Les voiliers s’amarrent aux 55 mètres de francs-bords. A bâbord les voiliers en long séjour, le reste à tribord sur trois rangs qui peuvent compter jusqu’à 7 unités à couple. Il faut alors tirer des amarres de chaque côté du bras de mer pour éviter que la ligne de bateaux s’arque comme un accordéon sous la force du vent. Lors de notre séjour, nous avons vu un pare-battage exploser pour avoir négligé cette précaution. Lorsque l’on est le dernier de la rangée, c’est du sport pour rentrer ou sortir de chez soi, six mats à contourner sur des ponts encombrés de ces voiliers de voyage souvent grands, des dizaines de hautes filières à enjamber… On fait vite connaissance avec ses voisins.
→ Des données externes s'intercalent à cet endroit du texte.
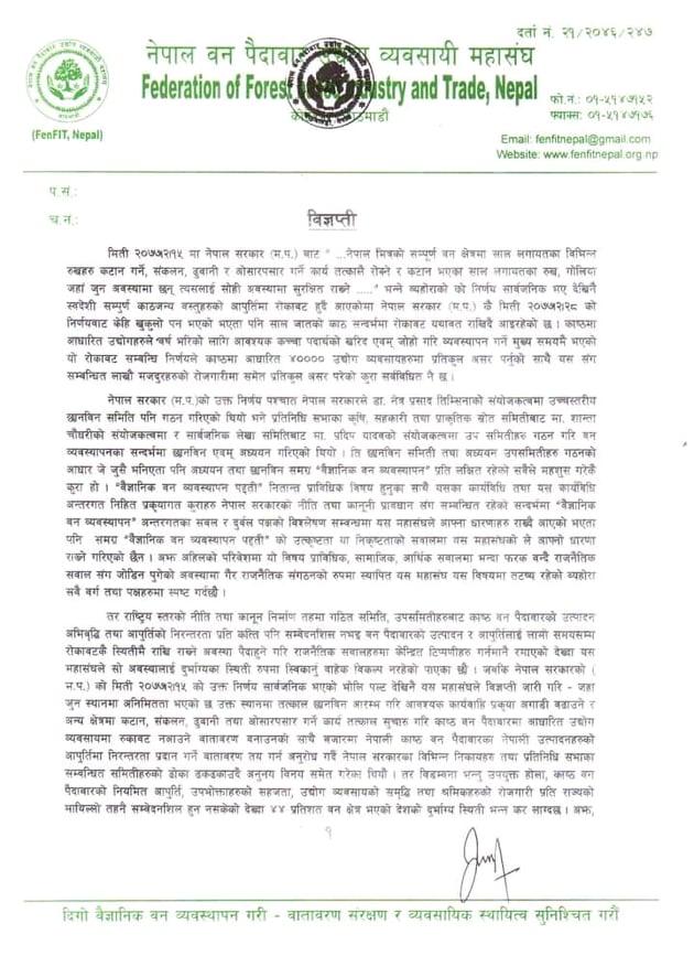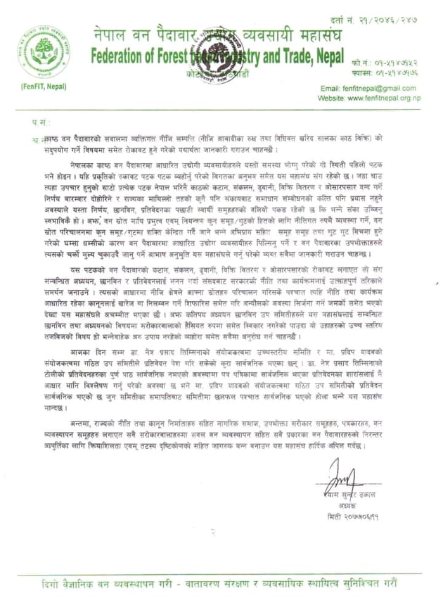 यसैगरी नेपाल वन प्रदावार उद्योग व्यवसायी महासंघले मिति २०७७ साल जेठ १५ मा नेपाल सरकार मन्त्रिपरिषद् बैठकबाट नेपाल भित्रको सम्पूर्र्ण वन क्षेत्रमा साल लगायतका विभिन्न रुखहकटान गर्ने, संकलन, ढुवानी र ओसारपसार गर्ने कार्य तत्कालै रोक्ने र कटान भएका साल लगायतका रुख, गोलिया जहाँ जुन अवस्थामा छन त्यसलाई सोही अवस्थामा सुरक्षित राख्ने भन्ने व्यहोराको निर्णय सार्वजनिक भए देखिनै स्वदेशी सम्पूण काठजन्य वस्तुहरुको आपूर्तिमा रोकावट हुदै आएकोमा जेठ २८ गतेको मन्त्रिपरिषद् निर्णयबाट केहि खुकुलो पन भएको भएतापनि साल जातको काठ सन्दर्भमा रोकावट यथावत राखिदै आइरहेकोले काष्ठमा आधारित उद्योगहरुले बर्ष भरिको लागि आवश्यक कच्चा पदार्थको खरिद एव्म जोहो गरि गरि व्यवस्थापन गर्ने मुख्य समयमै भएको यो रोकावट सम्बन्धि निर्णले काष्ठमा आधारित ४० हजार उद्योग व्यवसायहरुमा प्रतिकुल असर पर्नुको साथै यस सँग सम्बन्धि लाखौँ मजदुहरुको रोजगारीमा समेत प्रतिकुल असर परेको प्रष्ट पारेको छ ।

Un ordinateur en partage pour Internet

 

Loïck, cancre de la manœuvre

 

En été, chaque jour il faut défaire et refaire l’agencement de ces chapelets de coques pour laisser partir le bateau que le temps a poussé au centre d’une rangée. Il faut parfois déplacer une dizaine de bateaux qui se déploient dans le bras d’eau comme une volée d’oisillons avant de revenir se blottir les uns contre les autres à la mère nourricière. J’étais surpris de voir comment tout le monde était ponctuel et souriant pour cette corvée. Comme dans toutes les marinas, les manœuvres font sortir les curieux des carrés pour observer l’habileté des équipages. Malheureusement, ce n’est pas le spectacle comique que peuvent offrir certains ports de France en été. Les moteurs tournent au ralenti, les coques se frôlent, les amarres sont lancées avec précision, la parole est superflue sauf pour une bonne vanne. C’est un ballet mené par des équipages expérimentés que l’on sent amoureux de l’excellence nautique. Les petits nouveaux comme nous savent bien que, sous des dehors débonnaires, le jury est exigeant. Avec sa marche arrière en crabe, Loïck, cancre de la manœuvre, fait de son mieux pour sauver l’honneur.

 

La tradition du pisco sour

 

Lorsque nous nous amarrons au Micalvi, cela fait trois semaines que nous n’avons pas pris de douche. Pourtant notre première impulsion après avoir enjambé le pavois du vieux navire n’est pas de faire couler l’eau chaude, mais le pisco sour. Ce cocktail à l’origine controversé est une tradition chilienne qui a aussi son jour de fête nationale au Pérou. La recette de base mélange une eau de vie de raisin, le pisco, avec du citron, les Chiliens ajoutent du sucre glace, les Péruviens du sirop de sucre, un blanc d’œuf battu et un trait d’Agostura. Le pisco sour du Micalvi n’est probablement pas le meilleur du Chili, mais il a le goût soutenu des rituels.

 

Des valeurs morales

 

Quand toutes les nationalités se mettent à danser ensemble…

 

Le poêle à bois, les canapés, les tables basses, les murs couverts de drapeaux de tous les pays, le plafond bas, font de ce bar un lieu chaleureux. Le soir, la convivialité des marins rencontre celle des coureurs de montagnes qui ont fait aussi de ce navire un point de rencontre. L’île de Navarino offre la possibilité d’un beau trek de quatre jours dans les Dientes. Les deux communautés partagent un grand nombre de valeurs morales, en particulier d’aimer boire des coups. Les soirées tournent en fête rapidement, et pour savoir qui est qui, il suffit de regarder les pieds. Il y a ceux qui dansent en bottes et ceux qui gambillent en chaussures de montagnes. On est loin du Lac des Cygnes ! C’est beaucoup plus enjoué.

 

La timonerie au dessus du bar. Une ambiance parfaite pour écrire… des billets de blogue.

 

La gaité ambiante ne nous fait pas oublier que Nicole van de Kerchove a connu sa fin sur cette île. Nicole est la première à nous avoir parlé du Micalvi lorsque nous avons acheté le bateau en Bretagne. C’est elle qui nous a donné envie de la Patagonie. Six ans plus tard, Le Micalvi nous donne le sentiment d’avoir respecté un engagement personnel, d’être arrivés quelque part, pas seulement au bout du monde. Nous portons un toast à Nicole.

 

Notes
1/ Cette hypothèse hautement probable pour les voiliers ayant croisés dans le Beagle n’a pas, pour l’instant et à ma connaissance, rencontré de contre exemple.